Any help would really be a life saver as I am dead in the water at the moment and at my wits end. Thanks!!!!


----------



## Triple6

Well it's a Google operating system with many Google apps so saying that Google took over your phone is silly, it always has been a Google device.

And yes, you must sign in to a Google account to use the Play Store(Market is the old version that probably needs to be updated). Chances are if you reset your phone you need to not only sign into your Google account but also do a lot of updates to the phone. And many apps from the Play Store require or desire access to various things including contacts, many apps, Google and third party apps, either need that info to work properly or collect it for marketing; but that isn't new and it's the same with a rooted device. Most Google apps also cannot be uninstalled unless you are rooted.
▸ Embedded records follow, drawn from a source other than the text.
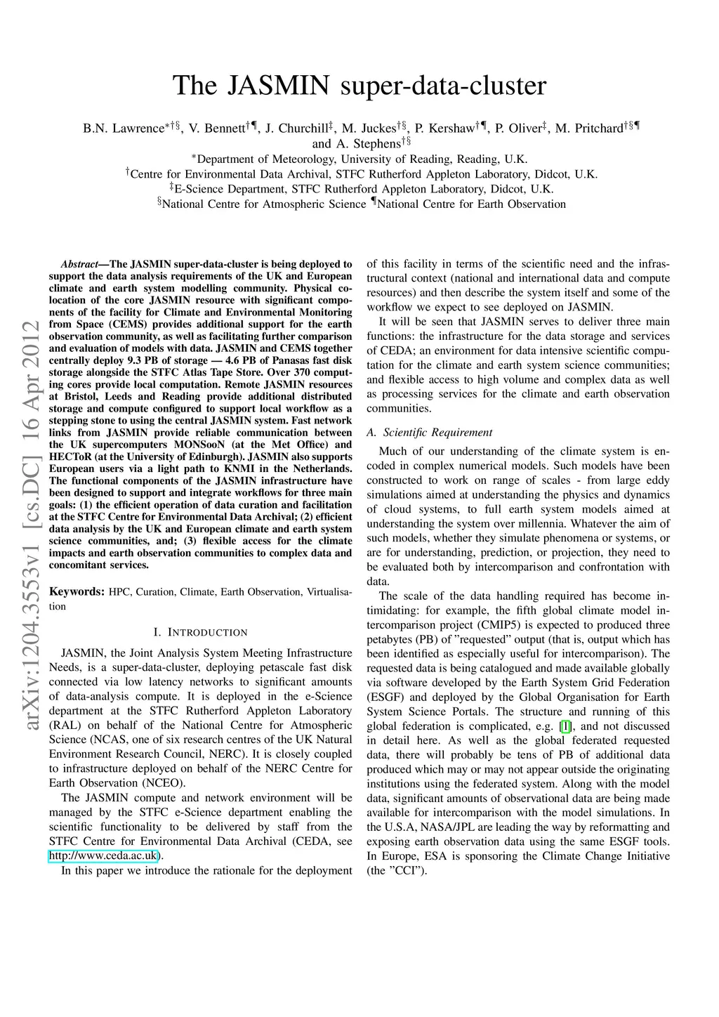 The JASMIN super-data-cluster is being deployed to support the data analysis requirements of the UK and European climate and earth system modelling community. Physical colocation of the core JASMIN resource with significant components of the facility for Climate and Environmental Monitoring from Space (CEMS) provides additional support for the earth observation community, as well as facilitating further comparison and evaluation of models with data. JASMIN and CEMS together centrally deploy 9.3 PB of storage - 4.6 PB of Panasas fast disk storage alongside the STFC Atlas Tape Store. Over 370 computing cores provide local computation. Remote JASMIN resources at Bristol, Leeds and Reading provide additional distributed storage and compute configured to support local workflow as a stepping stone to using the central JASMIN system. Fast network links from JASMIN provide reliable communication between the UK supercomputers MONSooN (at the Met Office) and HECToR (at the University of Edinburgh). JASMIN also supports European users via a light path to KNMI in the Netherlands. The functional components of the JASMIN infrastructure have been designed to support and integrate workflows for three main goals: (1) the efficient operation of data curation and facilitation at the STFC Centre for Environmental Data Archival; (2) efficient data analysis by the UK and European climate and earth system science communities, and; (3) flexible access for the climate impacts and earth observation communities to complex data and concomitant services.
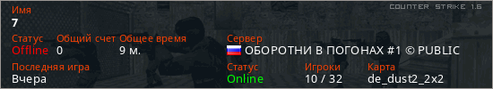 Последний раз был в сети Вчера Игрок с таким ником замечен на 55 серверах
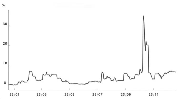 此外,美国的关税政策在2025年引发市场对白银实物供应的担忧,导致企业与投资者加速囤积白银,进一步加剧挤仓压力,放大了供需矛盾。资金面则呈现分散化特征,机构及高净值个人通过ETF或投行渠道囤积现货,持续消耗期货市场可用库存。白银现货租赁利率在今年10月一度超过35%,近期仍维持在6%左右的高位,远高于正常融资成本,也反映出实物白银出借意愿极低,现货市场供应紧张。
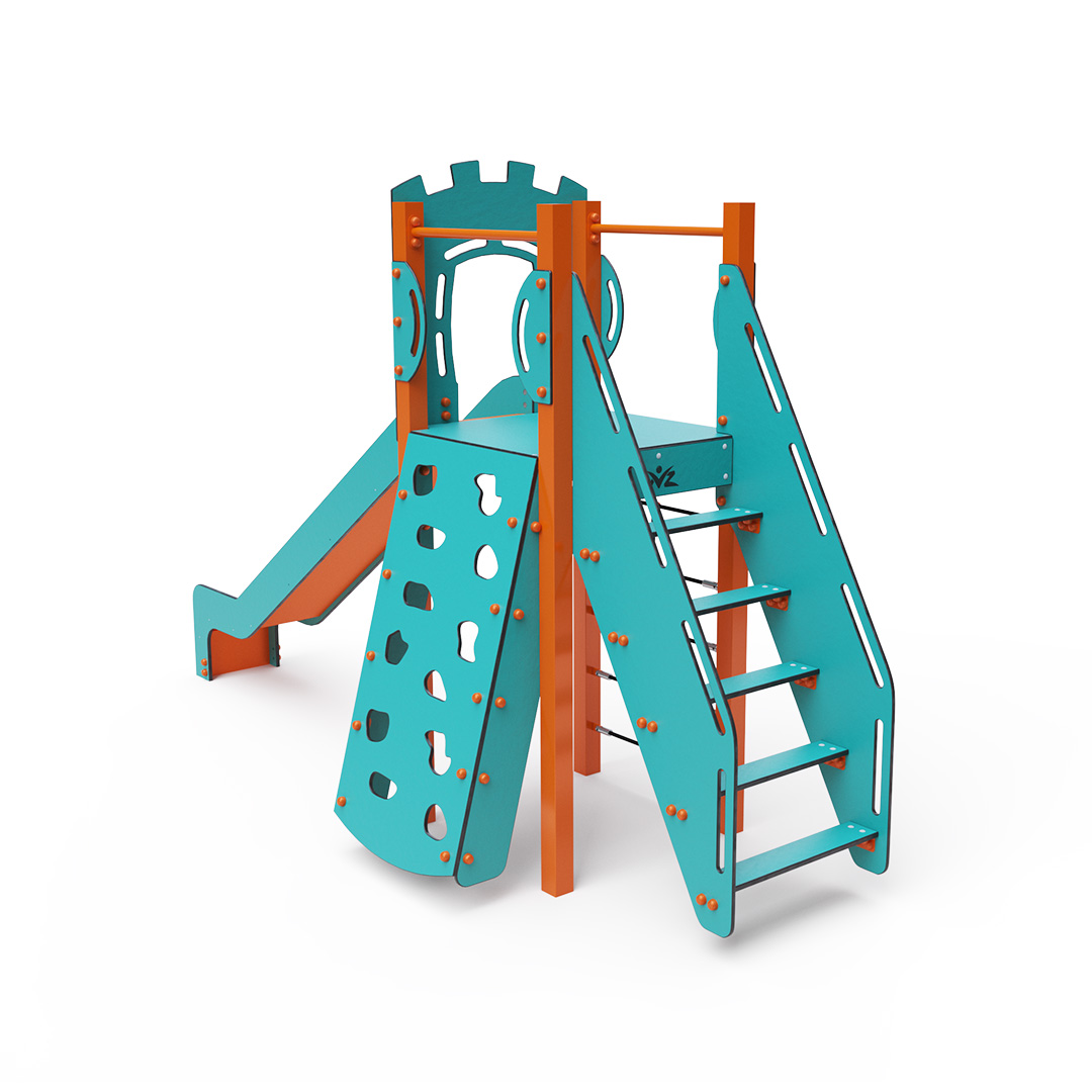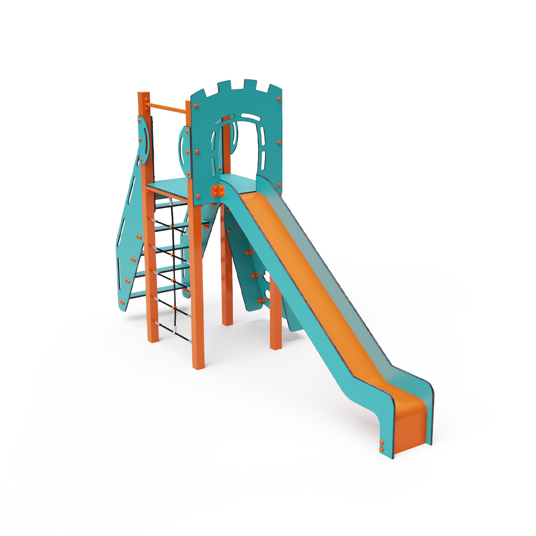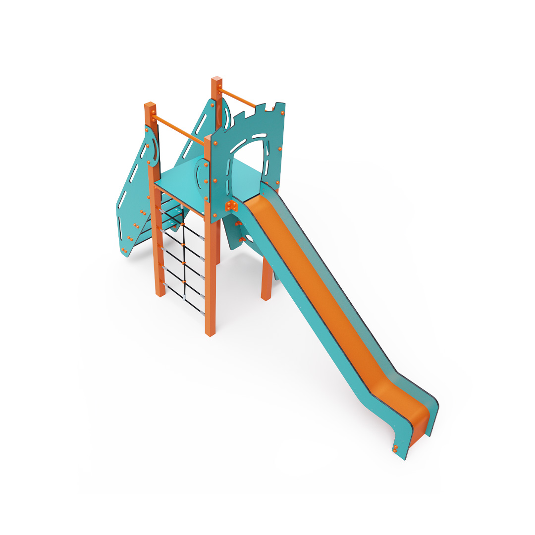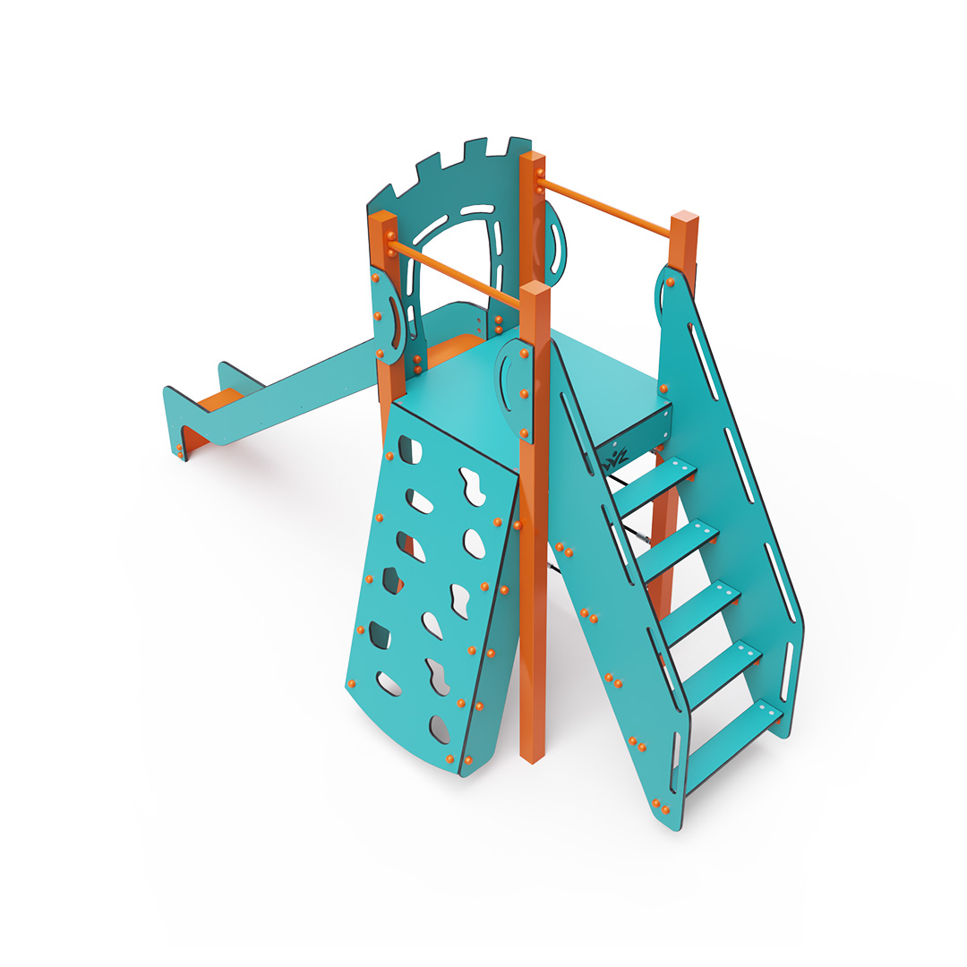 Single-tower combination set - a low tower that children can climb up using steps, an inclined climbing wall with grips, or a rope ascent, and slide down using the slide. The turquoise-orange design attracts children to play from a distance. The steel structure is resistant to weather conditions thanks to hot-dip galvanizing and coating with a durable powder paint. The HPL material used is chemically resistant, UV-resistant - colorfast, non-toxic, recyclable, and unbreakable. This prevents injuries to children from sharp edges or fragments. All connections are stainless steel and covered with plastic caps to increase durability and safety.

You are probably better off rooting your phone and installing a custom ROM based on a more modern/current version of Android though; Gingerbread is pretty old. I'd recommend you check out the XDA forums for rooting information and custom ROMs: http://forum.xda-developers.com/htc-sensation

Also, it wasn't Google that was hacked but some third party sites that had user's with Google accounts: http://www.nbcnews.com/tech/security/gmail-hacked-not-quite-says-google-change-your-password-n200571


----------



## r4ven

When I got my samsung galaxy 5s I deleted all the Google apps not knowing they would effect the system. Coming from a 5 year iPhone user it was pretty strange.


----------



## Exumab

Triple6 said:


> Well it's a Google operating system with many Google apps so saying that Google took over your phone is silly, it always has been a Google device.
> 
> And yes, you must sign in to a Google account to use the Play Store(Market is the old version that probably needs to be updated). Chances are if you reset your phone you need to not only sign into your Google account but also do a lot of updates to the phone. And many apps from the Play Store require or desire access to various things including contacts, many apps, Google and third party apps, either need that info to work properly or collect it for marketing; but that isn't new and it's the same with a rooted device. Most Google apps also cannot be uninstalled unless you are rooted.
> 
> You are probably better off rooting your phone and installing a custom ROM based on a more modern/current version of Android though; Gingerbread is pretty old. I'd recommend you check out the XDA forums for rooting information and custom ROMs: http://forum.xda-developers.com/htc-sensation
> 
> Also, it wasn't Google that was hacked but some third party sites that had user's with Google accounts: http://www.nbcnews.com/tech/security/gmail-hacked-not-quite-says-google-change-your-password-n200571


----------



## Exumab

Rob, Thanks for providing me with somewhere to start. What about the DMR (Reset) ? Is it possible that google added licenses/restrictions and that is why although I was able to connect by USB and can't now? if the DMR reset means I can do that again at least, it will make everything that much easier. Thanks again for your attention to my post!!!!


----------



## Triple6

I assume you mean DRM? I'm not sure what it would do as I haven't seen that option on any of my Android phones and there isn't that much info available on the net that I could find as to what it does. I assume it would just clear out existing licenses for protected media and start over.


----------